> _About this exercise_
Each entry below should be returned exactly as is, with the pictures removed.

> _Records drawn from a dataset_
BEGIN

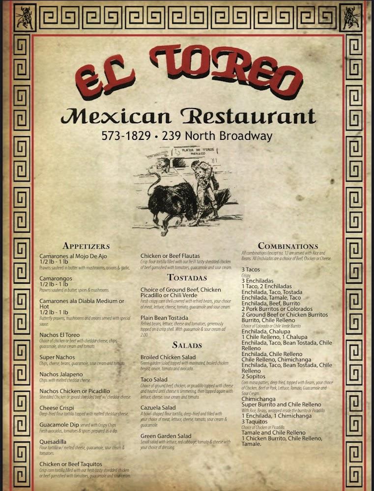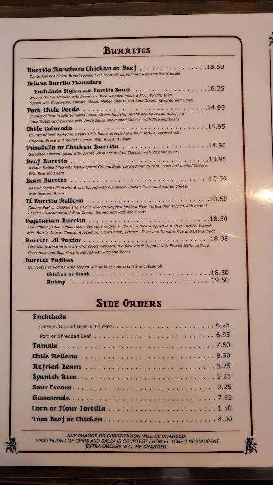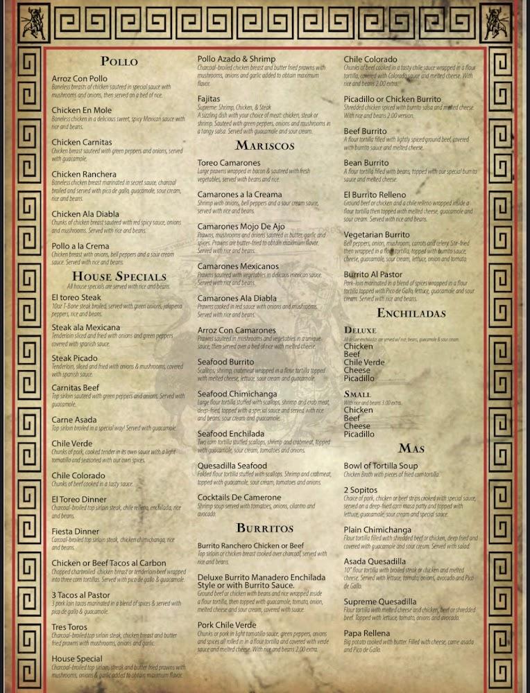 El Toreo’s menu brims with variety, featuring over 125 authentic Mexican dishes. Signature plates include burritos, enchiladas, and carne asada among many others. Each meal incorporates fresh ingredients and traditional recipes.
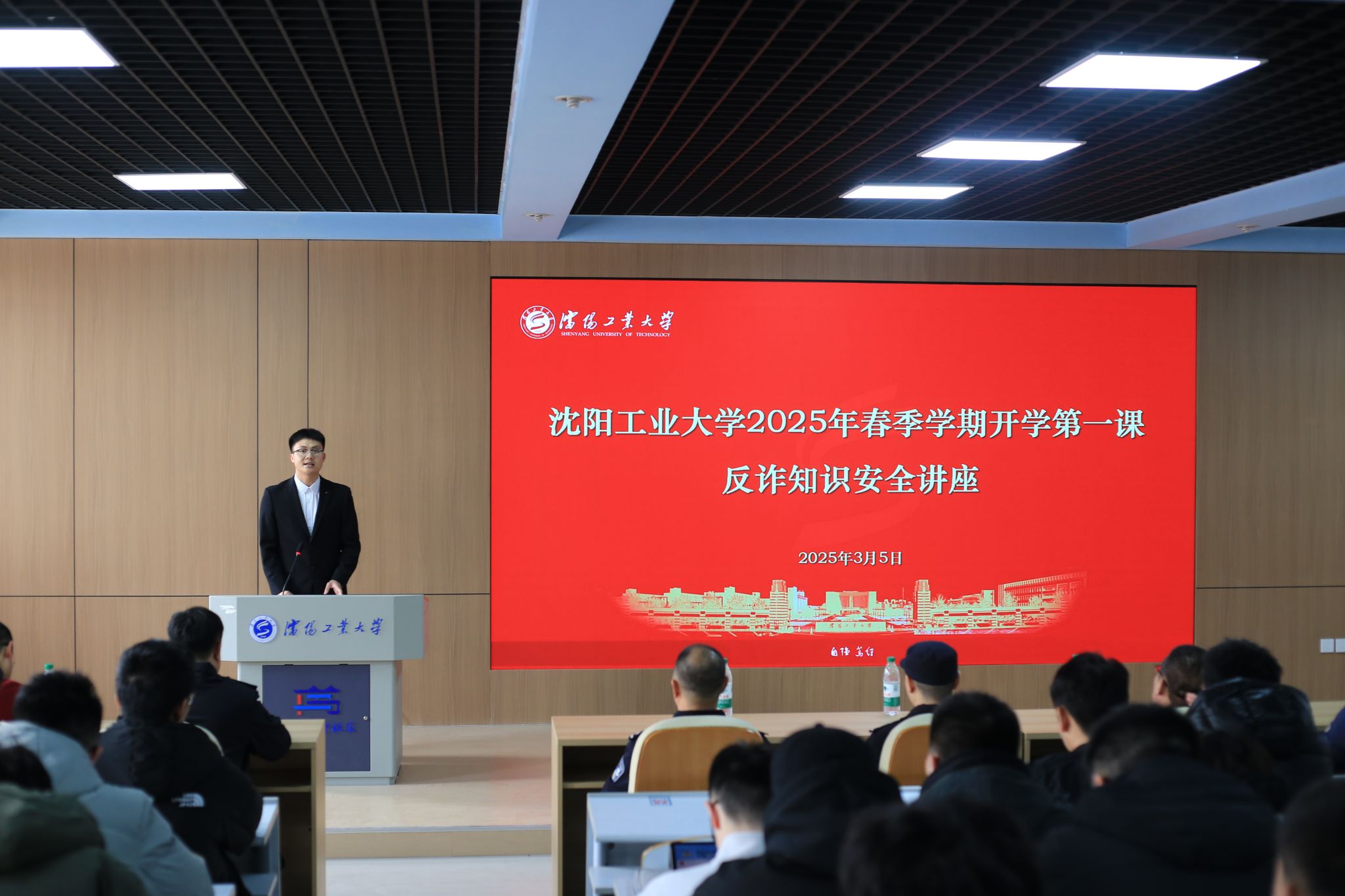 为进一步增强师生的安全防范意识,提升应对电信网络诈骗的能力,营造安全和谐的校园环境,3月5日,学校开展防范电信网络诈骗专题讲座。讲座特邀市公安局经济开发区分局反诈中心赵帅警官,为米兰各学院百余名学生代表讲解校园诈骗新形势,传授防骗“秘籍”,助力青年学子提升识诈、防诈能力,共筑校园安全屏障。沈阳市公安局驻校专员关恕宽警官,学生处处长李青山、学生处副处长张琼琼、党委保卫部(公安处)副处长杨大富、各学院辅导员老师代表参加了本次讲座。
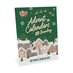 These premium advent calendars are filled with smooth 35% cocoa milk chocolate, made in-house at our UK chocolate factory using high-quality, sustainable cocoa. Behind each window, you’ll find a custom-moulded chocolate tile, stamped with a festive icon or your own 3D branded design — created directly from your artwork.
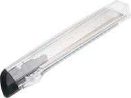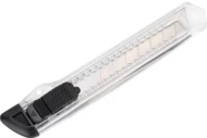 Transparentny nóż do kartonu z kolorową końcówką i łamanym ostrzem, w plastikowej obudowie.
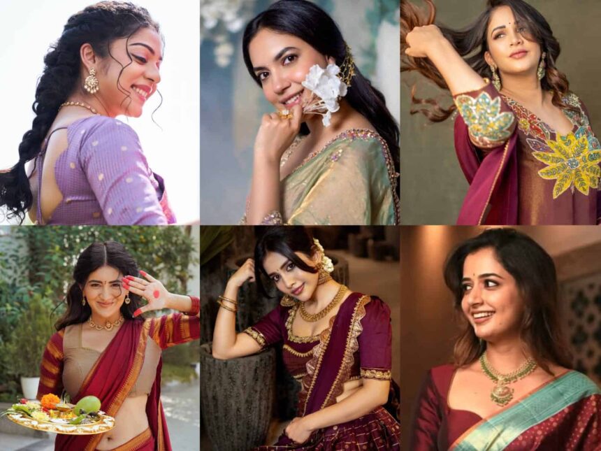 Then comes Ashika Ranganath, who sticks to timeless elegance. Her maroon saree with a green border gives strong classic vibes, focusing on richness and tradition rather than experimentation.

END

> _Result_
 El Toreo’s menu brims with variety, featuring over 125 authentic Mexican dishes. Signature plates include burritos, enchiladas, and carne asada among many others. Each meal incorporates fresh ingredients and traditional recipes.
 为进一步增强师生的安全防范意识,提升应对电信网络诈骗的能力,营造安全和谐的校园环境,3月5日,学校开展防范电信网络诈骗专题讲座。讲座特邀市公安局经济开发区分局反诈中心赵帅警官,为米兰各学院百余名学生代表讲解校园诈骗新形势,传授防骗“秘籍”,助力青年学子提升识诈、防诈能力,共筑校园安全屏障。沈阳市公安局驻校专员关恕宽警官,学生处处长李青山、学生处副处长张琼琼、党委保卫部(公安处)副处长杨大富、各学院辅导员老师代表参加了本次讲座。
 These premium advent calendars are filled with smooth 35% cocoa milk chocolate, made in-house at our UK chocolate factory using high-quality, sustainable cocoa. Behind each window, you’ll find a custom-moulded chocolate tile, stamped with a festive icon or your own 3D branded design — created directly from your artwork.
 Transparentny nóż do kartonu z kolorową końcówką i łamanym ostrzem, w plastikowej obudowie.
 Then comes Ashika Ranganath, who sticks to timeless elegance. Her maroon saree with a green border gives strong classic vibes, focusing on richness and tradition rather than experimentation.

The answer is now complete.